_WHAT IS NEEDED_
Only the lines below from the one with "相对于上述的信息化、流程驱动" through the one with "Im Administrator Bereich" are to be written out, exactly and without any images.

_DATASET RECORDS_
= = = = =

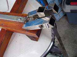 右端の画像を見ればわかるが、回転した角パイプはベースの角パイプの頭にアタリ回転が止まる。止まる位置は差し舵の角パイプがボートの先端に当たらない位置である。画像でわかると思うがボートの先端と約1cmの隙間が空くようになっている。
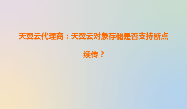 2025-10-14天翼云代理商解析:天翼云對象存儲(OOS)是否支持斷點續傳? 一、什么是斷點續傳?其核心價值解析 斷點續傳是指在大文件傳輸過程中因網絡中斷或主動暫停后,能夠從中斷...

= = = = =

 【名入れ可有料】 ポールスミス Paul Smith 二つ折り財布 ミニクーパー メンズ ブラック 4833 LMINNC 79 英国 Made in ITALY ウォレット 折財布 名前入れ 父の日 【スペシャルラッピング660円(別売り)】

= = = = =

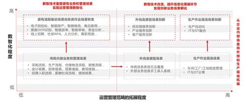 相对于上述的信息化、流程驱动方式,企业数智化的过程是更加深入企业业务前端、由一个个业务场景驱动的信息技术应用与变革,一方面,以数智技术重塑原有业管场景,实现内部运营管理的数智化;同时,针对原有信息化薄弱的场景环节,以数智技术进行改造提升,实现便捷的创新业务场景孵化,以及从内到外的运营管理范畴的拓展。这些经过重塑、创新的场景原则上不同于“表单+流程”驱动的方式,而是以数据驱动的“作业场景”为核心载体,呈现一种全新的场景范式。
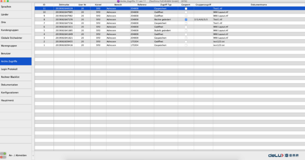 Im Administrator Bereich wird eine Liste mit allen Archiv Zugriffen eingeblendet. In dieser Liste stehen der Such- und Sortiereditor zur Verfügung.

= = = = =

_YOUR RESPONSE_
 相对于上述的信息化、流程驱动方式,企业数智化的过程是更加深入企业业务前端、由一个个业务场景驱动的信息技术应用与变革,一方面,以数智技术重塑原有业管场景,实现内部运营管理的数智化;同时,针对原有信息化薄弱的场景环节,以数智技术进行改造提升,实现便捷的创新业务场景孵化,以及从内到外的运营管理范畴的拓展。这些经过重塑、创新的场景原则上不同于“表单+流程”驱动的方式,而是以数据驱动的“作业场景”为核心载体,呈现一种全新的场景范式。
 Im Administrator Bereich wird eine Liste mit allen Archiv Zugriffen eingeblendet. In dieser Liste stehen der Such- und Sortiereditor zur Verfügung.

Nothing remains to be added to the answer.